Lesse, Vintner’s Daughter, Hanahana Beauty and other ‘flagship’ brands –Augustin Bader, Supernal , C & The Moon– similarly, avoid typical tablet setups on Instagram. “Maybe it’s a little unconscious,” Deters reflects. “These images often project a need for a large collection of products, and that’s just not our message or our mission.”
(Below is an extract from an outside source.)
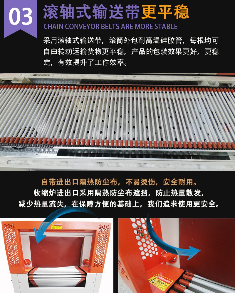 • 熱收縮機(jī)配備了多種安全保護(hù)裝置,確保操作人員的安全。例如,設(shè)備設(shè)有防護(hù)欄、緊急停止按鈕、溫度傳感器等,當(dāng)出現(xiàn)異常情況時(shí),能夠及時(shí)停止設(shè)備運(yùn)行,避免事故的發(fā)生。

But as the industry adapts to adapt environmentally conscious consumers, what is ‘subconscious’ for a sustainability-based skincare brand will undoubtedly become a deliberately assumed aesthetic for others. Just as Net-a-Porter has distanced itself from ostentatious boxesin the face of the 2008 recession, today’s content creators may possibly step away from the overdone shelves or risk appearing disconnected. Daniilidis admits, “As excited as my bookshelf is, the decline in excessive PR demands is increasingly common to me. “

“I think people are starting to realize that you have all of these things and are you really going to use them all?” Said Boamah. “And why, if I know one product works for me, should I use another product? “

The signs are there. The board is finished, or will be soonan outdated symbol of unnecessary products in unnecessary packaging, burden on the skin and burden on the planet, hence the beauty industry has gone wrong and, incidentally, what Mies van der Rohe has done right.

Skinimalism in 2021, are you interested?